-------- RECORDS SUPPLIED
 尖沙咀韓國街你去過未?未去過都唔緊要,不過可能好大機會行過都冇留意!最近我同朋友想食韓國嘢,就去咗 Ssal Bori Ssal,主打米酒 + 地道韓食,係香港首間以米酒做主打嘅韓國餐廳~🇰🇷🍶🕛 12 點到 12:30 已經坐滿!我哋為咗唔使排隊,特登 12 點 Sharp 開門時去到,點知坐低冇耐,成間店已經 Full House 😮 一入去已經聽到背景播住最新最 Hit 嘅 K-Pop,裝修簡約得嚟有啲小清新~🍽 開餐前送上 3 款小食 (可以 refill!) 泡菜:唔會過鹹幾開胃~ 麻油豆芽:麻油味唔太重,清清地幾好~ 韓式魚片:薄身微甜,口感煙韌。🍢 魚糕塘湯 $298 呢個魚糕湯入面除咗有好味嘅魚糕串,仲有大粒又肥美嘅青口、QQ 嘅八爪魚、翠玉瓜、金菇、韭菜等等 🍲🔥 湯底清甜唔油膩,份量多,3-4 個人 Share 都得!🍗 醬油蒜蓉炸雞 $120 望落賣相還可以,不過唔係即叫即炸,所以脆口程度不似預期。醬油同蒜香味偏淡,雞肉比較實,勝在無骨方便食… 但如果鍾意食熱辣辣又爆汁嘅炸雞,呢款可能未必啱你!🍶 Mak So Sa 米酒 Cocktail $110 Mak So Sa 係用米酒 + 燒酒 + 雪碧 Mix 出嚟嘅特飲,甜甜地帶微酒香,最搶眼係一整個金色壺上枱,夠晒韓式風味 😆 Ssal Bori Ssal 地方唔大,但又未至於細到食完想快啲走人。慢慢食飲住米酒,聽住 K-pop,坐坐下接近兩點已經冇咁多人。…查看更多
----------------
-------- RECORDS SUPPLIED
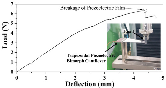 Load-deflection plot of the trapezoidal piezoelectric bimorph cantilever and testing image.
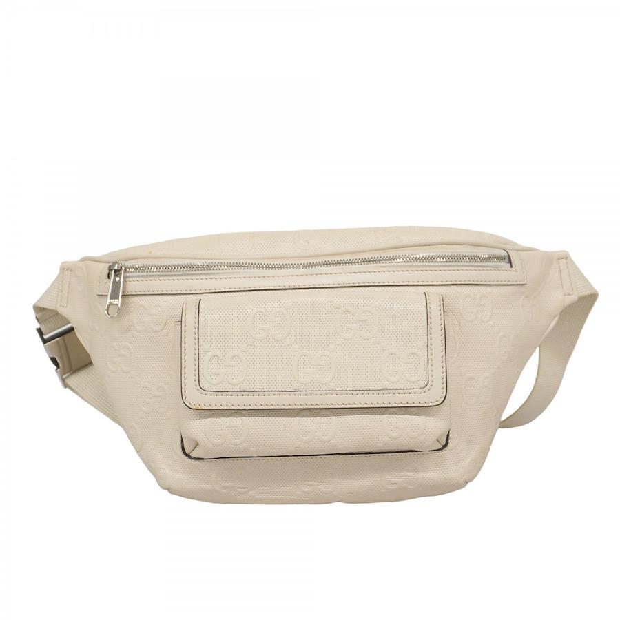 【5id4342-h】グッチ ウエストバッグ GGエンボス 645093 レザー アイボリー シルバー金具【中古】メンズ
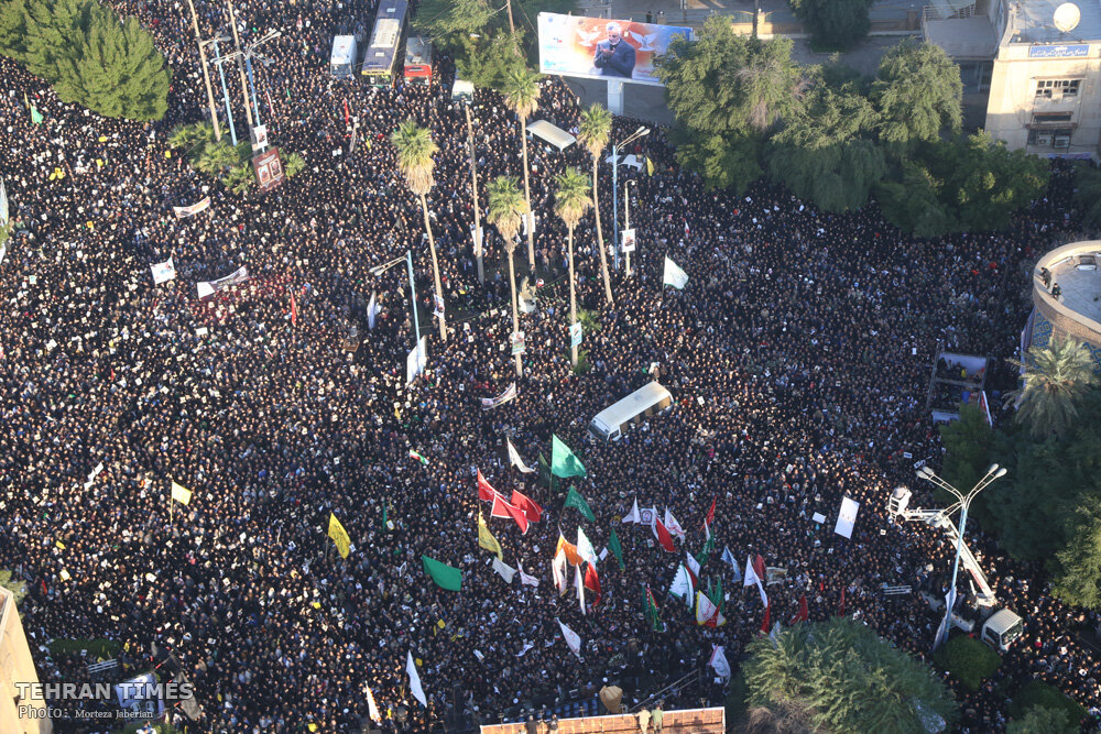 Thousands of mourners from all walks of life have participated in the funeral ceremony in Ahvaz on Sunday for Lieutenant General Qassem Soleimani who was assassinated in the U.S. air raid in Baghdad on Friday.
----------------
-------- RECORDS SUPPLIED
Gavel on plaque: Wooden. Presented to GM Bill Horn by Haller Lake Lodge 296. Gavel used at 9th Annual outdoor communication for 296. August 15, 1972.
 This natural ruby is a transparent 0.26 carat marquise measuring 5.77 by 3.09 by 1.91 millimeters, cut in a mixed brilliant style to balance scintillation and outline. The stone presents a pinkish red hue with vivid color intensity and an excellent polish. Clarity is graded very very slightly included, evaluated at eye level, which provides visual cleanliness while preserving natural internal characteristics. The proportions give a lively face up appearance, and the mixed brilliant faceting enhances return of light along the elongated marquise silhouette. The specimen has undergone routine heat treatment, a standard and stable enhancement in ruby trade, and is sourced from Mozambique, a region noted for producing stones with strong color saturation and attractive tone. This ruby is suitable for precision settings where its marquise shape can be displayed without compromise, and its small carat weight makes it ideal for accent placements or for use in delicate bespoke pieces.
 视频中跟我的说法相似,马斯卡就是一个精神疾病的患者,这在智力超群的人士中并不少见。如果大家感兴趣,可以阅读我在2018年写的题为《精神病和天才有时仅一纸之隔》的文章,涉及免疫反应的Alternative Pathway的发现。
----------------
## TASK TO COMPLETE
Using the listing above, repeat word for word each line from the one with "Load-deflection plot of" down to the one with "Thousands of mourners", both included. Omit all pictures.

## ANSWER TO THIS PROBLEM
 Load-deflection plot of the trapezoidal piezoelectric bimorph cantilever and testing image.
 【5id4342-h】グッチ ウエストバッグ GGエンボス 645093 レザー アイボリー シルバー金具【中古】メンズ
 Thousands of mourners from all walks of life have participated in the funeral ceremony in Ahvaz on Sunday for Lieutenant General Qassem Soleimani who was assassinated in the U.S. air raid in Baghdad on Friday.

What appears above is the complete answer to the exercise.